Table 6.1: Change in Conflicts Between The MS disabled and MS enabled Run.

Backup Time

Another interesting and encouraging result is evident from the simulation result of the statistical workloads (both 50%share-stat and 0%share-stat). In terms of sharing, the 50%share-stat(or 0%share-stat) is similar to the 50%share(or 0%share) workload, but it has a much higher percentage of stat() file system calls and therefore accesses. This explains the shorter backup time in both the MS-enabled and MS-disabled runs of the statistical workloads compared to the 50%share (or 0%share) workload.

Contention occurs only when the backup accesses current "hot" regions of the file system hierarchy and.

Figure 6.2: Duration Of Backup For Each Set Of Workload
Figure 6.2: Duration Of Backup For Each Set Of Workload

Overall Throughput

This large difference is due to more than 50% of the user transactions colliding with the backup in the global workload as seen in Figure 6.1. For example, throughput drops from 7.5% in the 0%share to 2.3% in the 50%share workload under MS enabled.

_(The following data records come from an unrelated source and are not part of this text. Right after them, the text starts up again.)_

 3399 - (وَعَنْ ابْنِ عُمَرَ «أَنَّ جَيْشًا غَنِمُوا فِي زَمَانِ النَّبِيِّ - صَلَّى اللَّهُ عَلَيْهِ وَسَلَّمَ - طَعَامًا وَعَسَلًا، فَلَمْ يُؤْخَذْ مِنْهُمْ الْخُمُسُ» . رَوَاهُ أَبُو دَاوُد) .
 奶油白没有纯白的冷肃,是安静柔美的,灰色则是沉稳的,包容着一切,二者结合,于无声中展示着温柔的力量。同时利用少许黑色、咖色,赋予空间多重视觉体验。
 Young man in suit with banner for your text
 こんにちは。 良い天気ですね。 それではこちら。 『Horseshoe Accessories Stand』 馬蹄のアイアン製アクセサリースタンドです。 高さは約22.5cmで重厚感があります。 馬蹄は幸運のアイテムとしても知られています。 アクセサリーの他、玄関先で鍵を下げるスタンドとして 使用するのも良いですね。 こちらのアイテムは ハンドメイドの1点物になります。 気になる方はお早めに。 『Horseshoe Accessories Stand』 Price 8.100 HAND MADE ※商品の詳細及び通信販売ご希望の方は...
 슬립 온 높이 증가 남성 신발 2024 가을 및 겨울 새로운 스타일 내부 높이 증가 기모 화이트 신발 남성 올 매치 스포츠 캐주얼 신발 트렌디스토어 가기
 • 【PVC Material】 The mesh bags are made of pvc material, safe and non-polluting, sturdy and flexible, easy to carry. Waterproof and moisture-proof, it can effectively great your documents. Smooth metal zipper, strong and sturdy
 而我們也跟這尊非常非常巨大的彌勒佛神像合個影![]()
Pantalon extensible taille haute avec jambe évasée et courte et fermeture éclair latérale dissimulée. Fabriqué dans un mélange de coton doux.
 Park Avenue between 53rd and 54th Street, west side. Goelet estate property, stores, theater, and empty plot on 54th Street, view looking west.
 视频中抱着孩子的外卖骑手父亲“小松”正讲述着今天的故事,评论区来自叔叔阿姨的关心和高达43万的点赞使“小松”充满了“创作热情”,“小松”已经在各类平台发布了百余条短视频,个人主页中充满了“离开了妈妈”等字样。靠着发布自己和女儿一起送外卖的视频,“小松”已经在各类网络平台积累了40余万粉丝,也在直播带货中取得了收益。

This analysis is recovered by the decrease in throughput with increase in division in the corresponding runs under MS disabled.

We also observe an increase in the overhead (difference between MS disabled and MS enabledrun) of taking a stable backup as the inter-transactional partition increases.

Performance Improvement

Algorithm and Implementation

Now, when a mutual serializability conflict is detected, the backup transaction is redirected to another part of the filesystem tree and this is practically implemented by the backup transaction now switching to another stack for its traversal help. The point it traversed to in the subtree from which it was just redirected is stored on top of the stack corresponding to that subtree and thus the backup transaction is never "lost". The backup transaction completes reading a subtree in depth-first fashion before moving to the next subtree if it is not redirected before completion.

When the backup transaction is redirected, it traverses the subtree whose stack is next in the circular list.

Simulation Result and Performance Analysis

The reduction in the percentage of conflicts in 0%share-hot-cold, even though there were no further conflicts with concurrent user transactions in the same place, is due to the fallback transaction being redirected to a place much further away from the current one, thus avoiding conflicts , which may arise in nearby places. See Figure 6.5 where we compare the backup time for running MS enabled (no heuristics), running MS disabled, and running MS enabled (heuristics). We see a reduction (by 2.6% at 50%share-hot-cold workload and 2.1% at 0%share-hot-cold) in backup time when comparing execution (heuristics) with MS enabled vs. MS (no heuristics) runes.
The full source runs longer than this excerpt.